Vows are not only for marriage they’re anything you commit, pledge, or promise to do. It’s crucial to keep your vows because it shows you respect and value people and it builds character. Trust and loyalty is created and people will want to be in a relationship with you. You lose credibility with empty words accompanied by selfish motives. There can be severe consequences for not keeping your vows.
Committing to keeping your vows is not only for others it’s also for you. It’s easy to give up when we don’t know what the future holds, it gets a little tough, or we’re unsure. An open mind and heart to receive new God opportunities are important. Don’t give up, you may just need to pivot.
Promises, pledges, and commitments
I know sometimes we think it’s not a big deal when we promise to do something and break it, but it becomes a big deal when someone does that to us. See, people are counting on us, and even though it may not be as important to you, it is to them. Some things are important to you that others may not place a high priority on, but they show up for you. When we promise, pledge, and commit we must follow up and follow through. As Christians, our goal is that Christ is seen in and through us. If we say we are going to do something and don’t, that makes us a liar and a hypocrite. That behavior causes our integrity, commitment, and support to be questioned.
Communicate
One of the worse things you can do is commit to doing something and then go missing in action. No phone call or you don’t answer your phone. It’s like you fell off the face of the earth. As soon as you have a need, you appear to be everywhere and available. If you are unable to keep your obligation, you need to be honest about it and communicate that right away. Try to offer other options and be compassionate, because you may be putting them in a bind. Be mindful of other people’s time, it’s valuable just like yours. As time ticks away because of our lack of communication, that’s precious time stolen from someone else.
Put yourself in the place of others
It’s easy to become self-absorbed about the things that have meaning to us and lose sight of others. We become less likely to put ourselves in the place of others because we elevate our circumstances above theirs. Breaking promises, commitments, and vows becomes easier when all we think about is ourselves. If we are not careful we can become callous and numb. Be thankful to the Lord when you are on the mountain top, but remember everything has a season. When you are brought low it’s much easier for people to rally around you when you have put yourself in the place of others.
In conclusion
But let your communication be, Yea, yea; Nay, nay: for whatsoever is more than these cometh of evil, Matthew 5:37 KJV. Your yes or no spoken should be enough to validate your commitment and build trust. We must say what we mean and mean what we say, with love. Unfortunately, we have diminished the value of our words with selfish agendas. The great thing about this is, it can be reversed by starting to keep our promises, pledges, and commitments. It may take time and it will take effort, but if we do what we say and put others first, trust and loyalty can be rebuilt.
ACTION ITEM(S)
- Does your yes mean yes and your no mean no?

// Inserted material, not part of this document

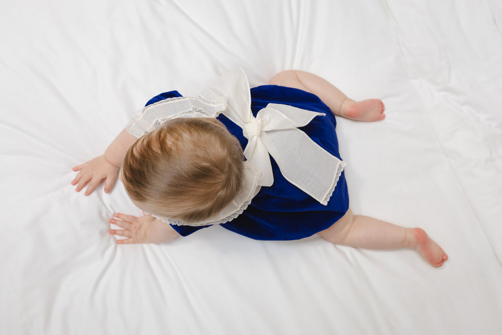 This charming navy velvet romper brings together timeless style and playful comfort- perfect for little ones on special occasions. Crafted from beautifully soft velvet, it features a crisp white waistband and an elegant double-layered lace collar that adds a classic, heirloom feel. The puff sleeves are finished with delicate lace trim, giving the romper a sweet and refined touch.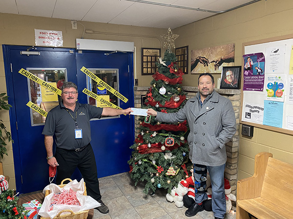 Darrell Bray Boilermaker Business Representative for North Western Ontario donates on behalf of the membership to Volker Kromm Executive Director of Regional Food Distribution in Thunder Bay.

- Have you broken your vows?
- Do you need to make it right with someone?
- Have you elevated yourself or circumstances and lost sight of others?
Oh two things come to my mind. One with the Lord. If I tell God I am going to do something and especially for HIM, I feel that accountability and makes me want to keep my word to HIM! It’s the least I could do!!!
Also with my kids. If I tell my daughter I am going to read her a book in bed before she falls asleep. We have this special hand shake that means I promise I will. One night I landed in the ER and I couldn’t keep this promise. So the next time she did look at me like are you sure.? But I explained last time was not planned. It truly is important. Especially in a marriage too. I know I fall short and need GODS help daily with this. Bc even if my husband is being un lovable …… I committed my marriage before the Lord. Thanks Carol. I’m going to take this into the rest of my week and pray and ask God to show me more where I might need help. Thanks for the truth. Even when it’s not comfortable to share. You do it so well through the Holy Spirit. Love you friend.
Ashley, Keeping our vows in every area is so important. Praise God you are honoring that with your husband and children!!!
Wow… another heavy BUT necessary post! As I was reading I was reminded of the scripture..Do unto others as you would have them do unto you. This seems so simple but yet so hard to do.
It is not normal practice for me to make vows to others them break them and especially without good cause. In fact it’s just the opposite. I will over commit myself then wonder why did I agree to that
As a result of that I tend to not be as diligent when it comes to keeping certain vows or commitments to myself. I’m learning more of how to create a balance.
Lisa, Overcommitting is a huge issue as well, thank you for pointing that out. I appreciate your comment!